• Collected data entries
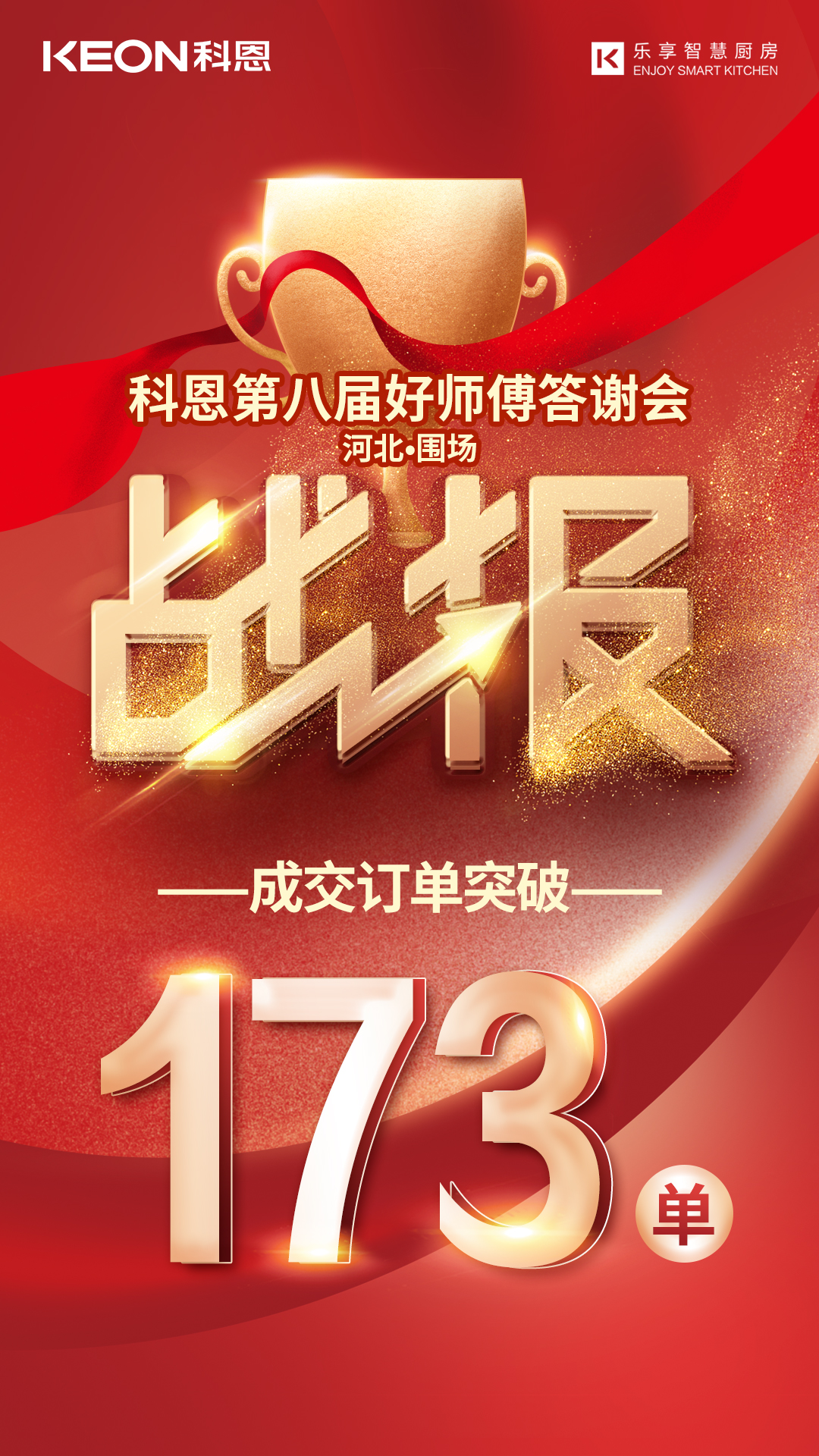 411日晚,科恩河北圍場專賣店科恩電器第八屆好師傅答謝會在中天宴會廳召開,以173單的好成績圓滿落幕。
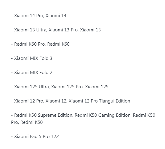 Последнее обновление HyperOS состоит из ряда улучшений и исправлений ошибок, направленных на обеспечение более плавной и стабильной работы. Ниже представлено фото со списком моделей телефонов, которым уже доступно новое обновление.
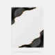 Un panneau chic et élégant pour accueillir vos invités de mariage à votre table de cadeaux. Le mot "cadeaux" apparaît en calligraphie manuscrite blanche, avec l'invitation "veuillez en prendre un" en dessous dans une police serif. Des dessins d'agate à l'aquarelle noire encadrés de fausse brillance dorée encadrent le message dans deux coins. Consultez notre collection pour une suite d'invitations de mariage et de papeterie assorties.
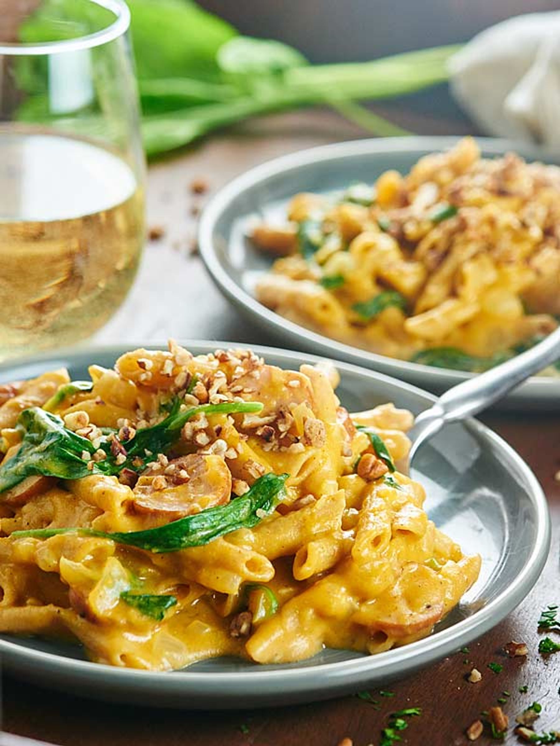 One Pot Pumpkin Pasta - only dirties one dish & is full of healthy, delicious ingredients like whole wheat pasta, spinach, & apple chicken sausage!
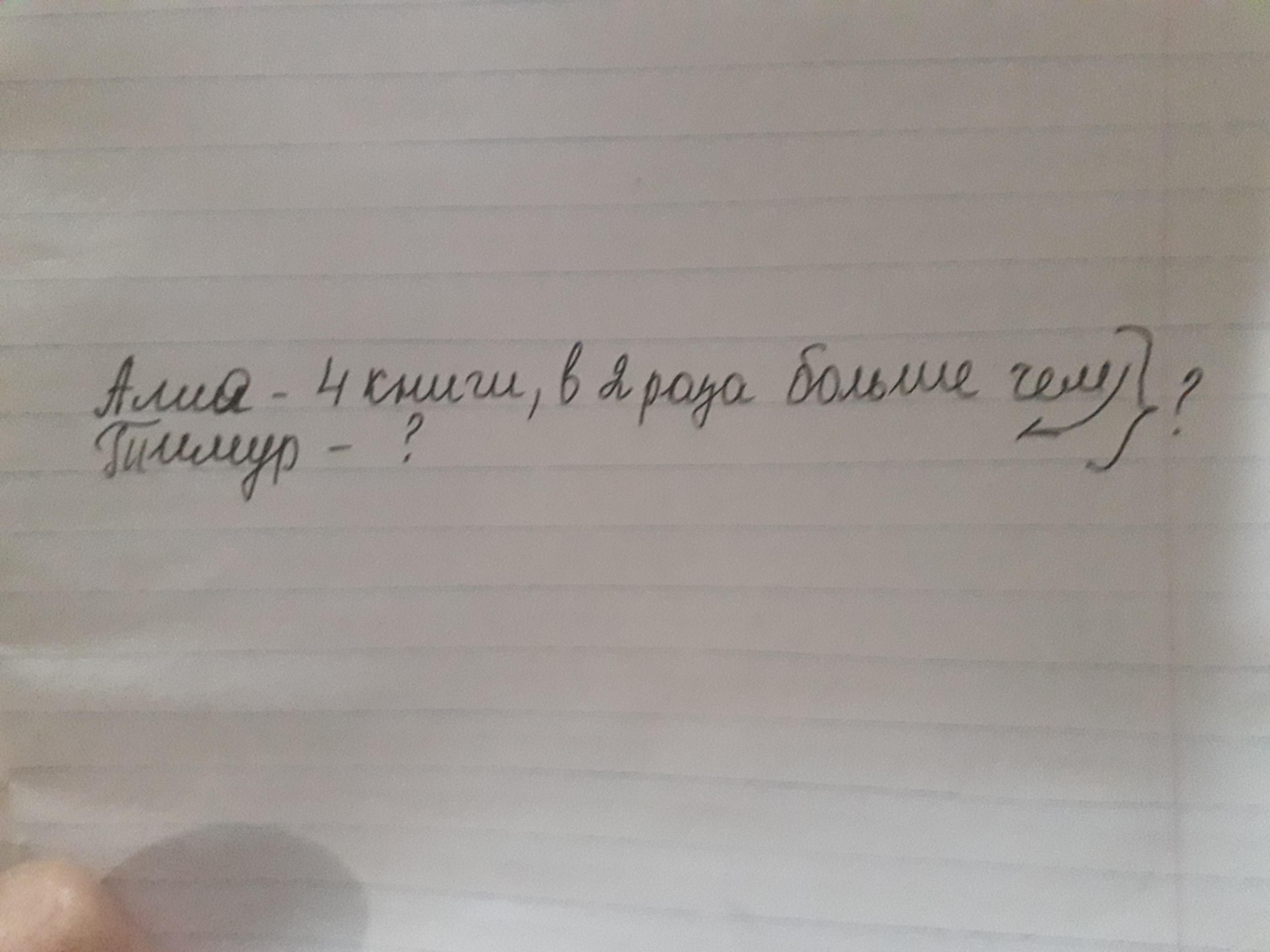 Если Алия 4 кн и в два раза больше Тимура, то тогда, Тимур = 4:2 = 2 кн.
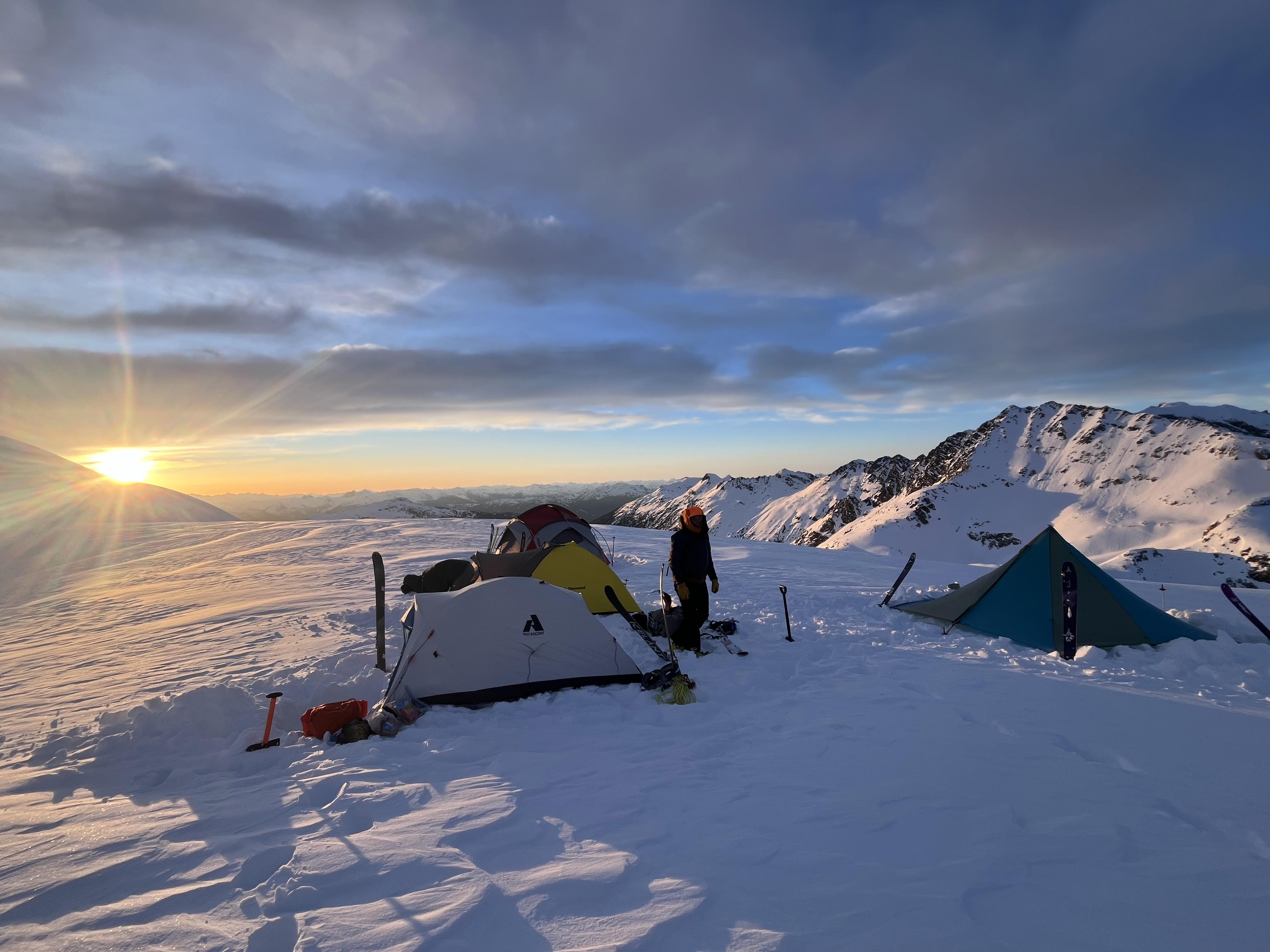 A few open crevasses and sags on the glacier were easy to avoid with high overcast conditions and the flat light. Probed 220cm to 260cm of snow down to a hard ice layer. We ascended to the looker’s right side of Mount Pattison to the end of the glacier. At 2420m, we set the west facing bootpack up to 2440m (south shoulder of Pattison). Ice axes were used for the climb and conditions were a mix of faceted snow closer to the rocks to very firm snow further to the right and therefore made it hard effort to kick solid steps. The slope angle increased to 45 degrees plus at the final five or six steps. Our group descended the northeast side of Tremor glacier to 2220m as visibility diminished and set camp for the night. Temperatures ranged around -5 to -6 Celsius overnight.
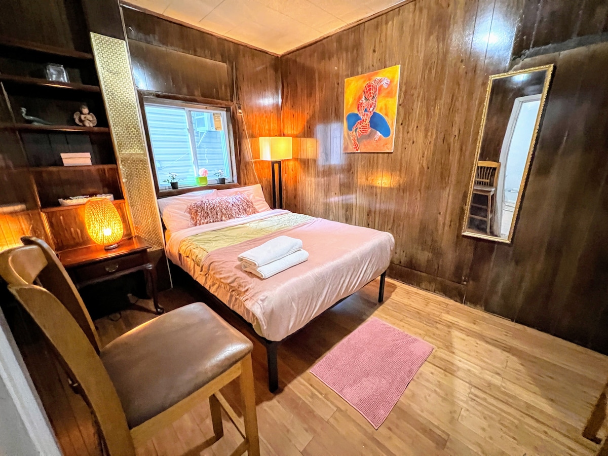 ¡Bienvenido a Vintage Luxe, un impresionante hito de 1894 en Sugar Hill restaurado en una lujosa boutique! Esta elegante unidad a nivel del jardín muestra una impresionante decoración neovintage, paredes de ladrillo visto y una ubicación privilegiada (¡Puntuación de tránsito 100!). El espacio incluye una cama tamaño queen, wifi de alta velocidad, una estación de trabajo dedicada y una cocina totalmente equipada. Sal a tu patio trasero privado con una hamaca, un lujo raro en Nueva York. Perfecto para viajeros solitarios, parejas o grupos pequeños que buscan una estancia céntrica y elegante.
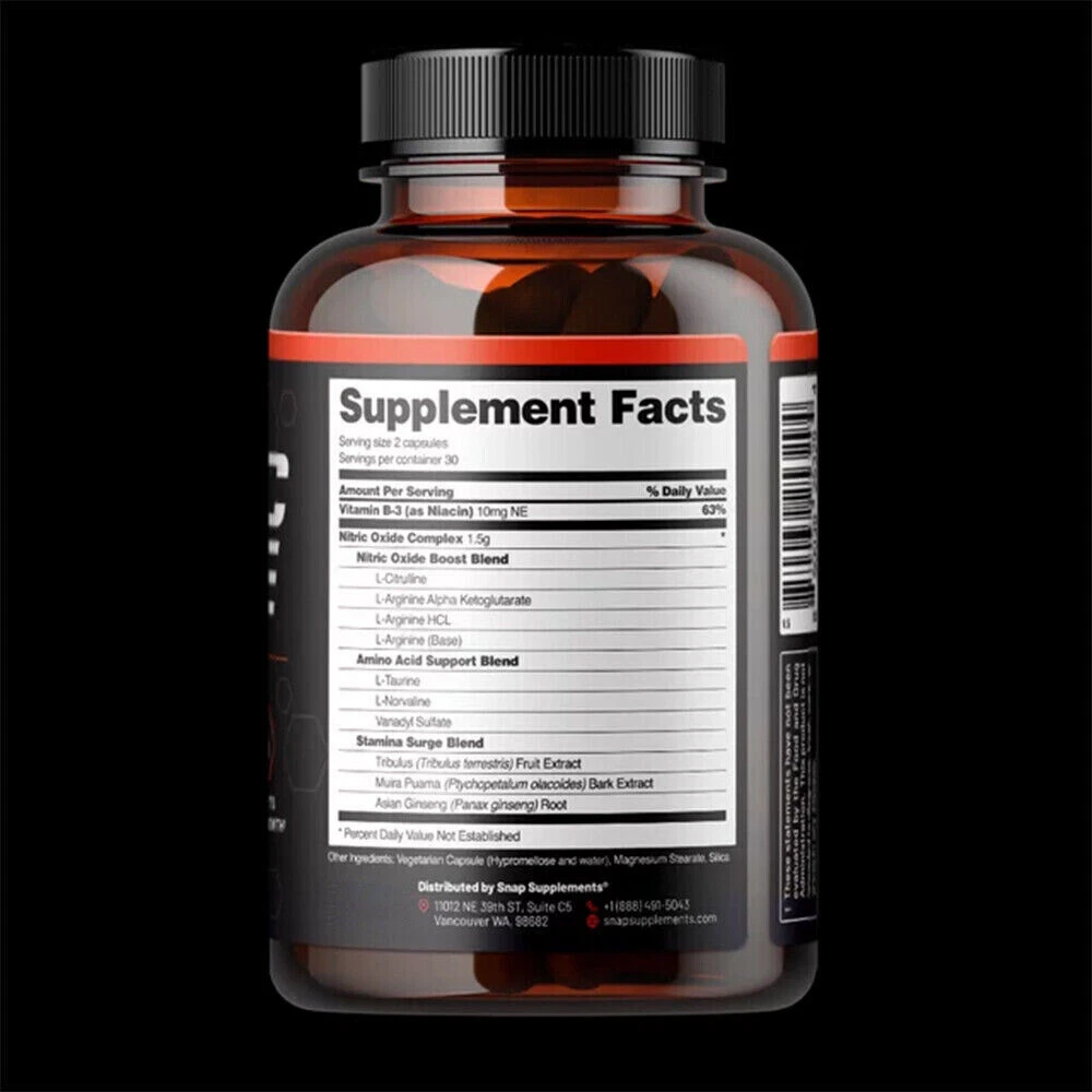 Formulated with L-Arginin, L-Citrulline, Amino Energy and Plant Botanicals. Promote Nitric Oxide Flow for Stamina, Endurance and Top Performance. Support Healthy Blood Pressure, Lung Capacity and Cardio Health. Naturally Boost Energy Pre Workout and Improve Muscle Recovery Post Workout. Promote Healthy Veins, Blood Vessels and Support Heart Health.
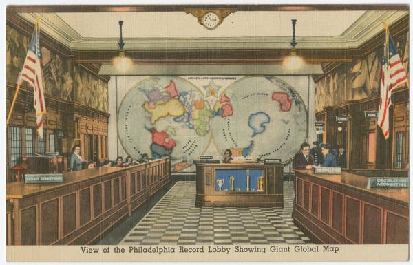Depicts interior views of the Philadelphia Record building on Chestnut Street, including the lobby showing a giant global map and a printing room during Franklin's time. Constructed in 1886 after designs by Willis Gaylord Hale.
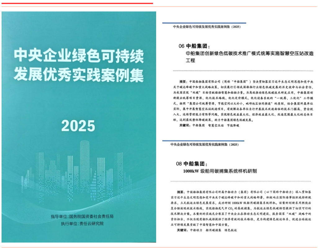 《中船集團創(chuàng)新綠色低碳技術(shù)推廣模式 統(tǒng)籌實施智慧空壓站改造工程》通過系統(tǒng)推進智慧空壓站改造,創(chuàng)新“一統(tǒng)籌、三優(yōu)化”模式,大幅提升設(shè)備能效?!吨写瑒恿?000kW級船用碳捕集系統(tǒng)樣機研制》圍繞船用碳捕集關(guān)鍵技術(shù)開展攻關(guān),采用燃燒后復(fù)合胺吸收工藝,實現(xiàn)CO?捕集率超85%、純度達99.9%。上述兩項案例入選《中央企業(yè)綠色可持續(xù)發(fā)展優(yōu)秀實踐案例集(2025)》。
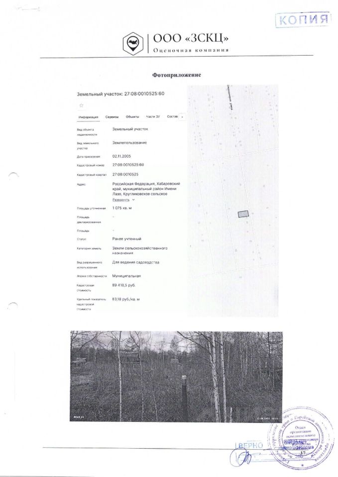Земельный участок площадью 1075 кв.м, кадастровый номер 27:08:0010525:60. Местоположение: Хабаровский край, р-н имени Лазо, п. Кругликовское, СНТ Чирки, ул. Бархатная, участок 17. Регистрационный номер 678/А. Собственник Администрация Кругликовского сельского поселения муниципального района имени Лазо Хабаровского края. Начальная цена 191590 руб. (НДС не облагается). Задаток 47897,50 руб. Шаг аукциона 1915,90 руб.(ОСП по району им. Лазо 8 9249265039 Павлюк С.А.)
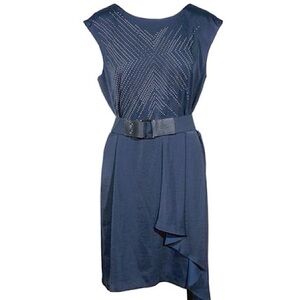 Limited Edition 2010 BCBGMaxAzria Runway Studded Navy Belted Sheath Asymmetrical

• Exercise brief
Reprint each of the records exactly and skip the images.

• Answer to this task
 411日晚,科恩河北圍場專賣店科恩電器第八屆好師傅答謝會在中天宴會廳召開,以173單的好成績圓滿落幕。
 Последнее обновление HyperOS состоит из ряда улучшений и исправлений ошибок, направленных на обеспечение более плавной и стабильной работы. Ниже представлено фото со списком моделей телефонов, которым уже доступно новое обновление.
 Un panneau chic et élégant pour accueillir vos invités de mariage à votre table de cadeaux. Le mot "cadeaux" apparaît en calligraphie manuscrite blanche, avec l'invitation "veuillez en prendre un" en dessous dans une police serif. Des dessins d'agate à l'aquarelle noire encadrés de fausse brillance dorée encadrent le message dans deux coins. Consultez notre collection pour une suite d'invitations de mariage et de papeterie assorties.
 One Pot Pumpkin Pasta - only dirties one dish & is full of healthy, delicious ingredients like whole wheat pasta, spinach, & apple chicken sausage!
 Если Алия 4 кн и в два раза больше Тимура, то тогда, Тимур = 4:2 = 2 кн.
 A few open crevasses and sags on the glacier were easy to avoid with high overcast conditions and the flat light. Probed 220cm to 260cm of snow down to a hard ice layer. We ascended to the looker’s right side of Mount Pattison to the end of the glacier. At 2420m, we set the west facing bootpack up to 2440m (south shoulder of Pattison). Ice axes were used for the climb and conditions were a mix of faceted snow closer to the rocks to very firm snow further to the right and therefore made it hard effort to kick solid steps. The slope angle increased to 45 degrees plus at the final five or six steps. Our group descended the northeast side of Tremor glacier to 2220m as visibility diminished and set camp for the night. Temperatures ranged around -5 to -6 Celsius overnight.
 ¡Bienvenido a Vintage Luxe, un impresionante hito de 1894 en Sugar Hill restaurado en una lujosa boutique! Esta elegante unidad a nivel del jardín muestra una impresionante decoración neovintage, paredes de ladrillo visto y una ubicación privilegiada (¡Puntuación de tránsito 100!). El espacio incluye una cama tamaño queen, wifi de alta velocidad, una estación de trabajo dedicada y una cocina totalmente equipada. Sal a tu patio trasero privado con una hamaca, un lujo raro en Nueva York. Perfecto para viajeros solitarios, parejas o grupos pequeños que buscan una estancia céntrica y elegante.
 Formulated with L-Arginin, L-Citrulline, Amino Energy and Plant Botanicals. Promote Nitric Oxide Flow for Stamina, Endurance and Top Performance. Support Healthy Blood Pressure, Lung Capacity and Cardio Health. Naturally Boost Energy Pre Workout and Improve Muscle Recovery Post Workout. Promote Healthy Veins, Blood Vessels and Support Heart Health.
Depicts interior views of the Philadelphia Record building on Chestnut Street, including the lobby showing a giant global map and a printing room during Franklin's time. Constructed in 1886 after designs by Willis Gaylord Hale.
 《中船集團創(chuàng)新綠色低碳技術(shù)推廣模式 統(tǒng)籌實施智慧空壓站改造工程》通過系統(tǒng)推進智慧空壓站改造,創(chuàng)新“一統(tǒng)籌、三優(yōu)化”模式,大幅提升設(shè)備能效?!吨写瑒恿?000kW級船用碳捕集系統(tǒng)樣機研制》圍繞船用碳捕集關(guān)鍵技術(shù)開展攻關(guān),采用燃燒后復(fù)合胺吸收工藝,實現(xiàn)CO?捕集率超85%、純度達99.9%。上述兩項案例入選《中央企業(yè)綠色可持續(xù)發(fā)展優(yōu)秀實踐案例集(2025)》。
Земельный участок площадью 1075 кв.м, кадастровый номер 27:08:0010525:60. Местоположение: Хабаровский край, р-н имени Лазо, п. Кругликовское, СНТ Чирки, ул. Бархатная, участок 17. Регистрационный номер 678/А. Собственник Администрация Кругликовского сельского поселения муниципального района имени Лазо Хабаровского края. Начальная цена 191590 руб. (НДС не облагается). Задаток 47897,50 руб. Шаг аукциона 1915,90 руб.(ОСП по району им. Лазо 8 9249265039 Павлюк С.А.)
 Limited Edition 2010 BCBGMaxAzria Runway Studded Navy Belted Sheath Asymmetrical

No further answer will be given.